Durability and simplicity. We focused the Unertl on the M40A1 at 300yds. Running under 100yds in urban settings we would encounter some noticeable parallax, but at that distance the deflection was negligible as far as effect on impacts and still fell inside the brain "T". At the grand you wouldn't notice it there either.
1x-? scopes don't have adjustable parallax for a reason, they don't need it. Their purpose is to be thrown around more, be rapidly used at varying ranges from in a room to inside effective small arms range, and to do it without further adjustments.
Fixed parallax magnified scopes I currently own include Leupold Mark 6 1-6x, Mark 8 CQBSS, Mark 4 2.5-8x32 MR/T, USO MST-100 and I just added two NF 2.5-10x24s to the mix. All are on/destined for durable rifles that see field time, are not for seeing how small of groups I can shoot, and are ones I want to ensure will perform quickly when necessary. Notice they're all at or under 10x.
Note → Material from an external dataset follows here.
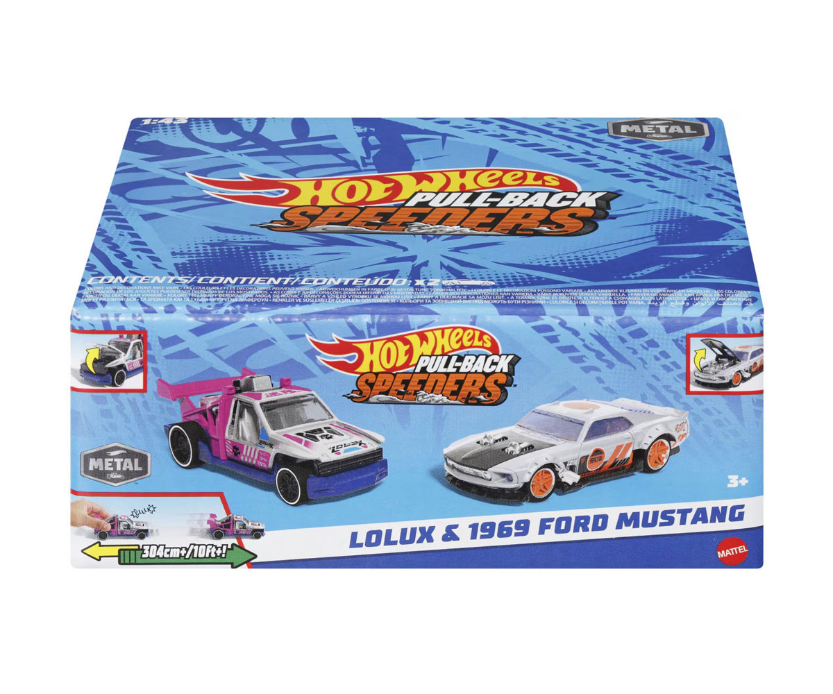 Пригответе се за състезание с Hot Wheels Pull-Back Speeders комплект от 2! Тези по-големи метални коли Hot Wheels са в мащаб 1:43 с автентичен дизайн. Всяко превозно средство включва интерактивна функция, като например такава, която подчертава работещия двигател или отварянето на вратите, капака или багажника. С такъв модерен дизайн екшън историите са безкрайни и децата и колекционерите ще искат да ги съберат всички! Всеки комплект се продава отделно в зависимост от наличността. Цветовете и дизайните могат да варират.

My variables include a pair of S&B PMII (3-12x and 3-20x), SWFA 3-15x42 (rimfires, 7yd minimum parallax), and a SWFA 5-20x50. They're precision setups that see more range time than field, more distance than close range, and shoot more for score and groups than for game or HD. The lowest magnification on any of those is 12x (PMII).
When you say "effectively shoot out to 600-700yds", what size targets are you talking about? Do you mean 75-100% IPSC silhouettes or similar? That is easily done with a 7x, hell 50% IPSC is viable, but you're not going to be very efficient with group shooting or finding small targets.
The perfect scope is still a unicorn. Myself and many other shooters have chased it, thrown hard earned money at it, and in the end we ended up with another rifle and scope to do the other side of the spectrum. Figure out what optic will perform at the vast majority of your shooting spectrum, get the best scope for that which you can afford, and have fun pushing the limits for the rest.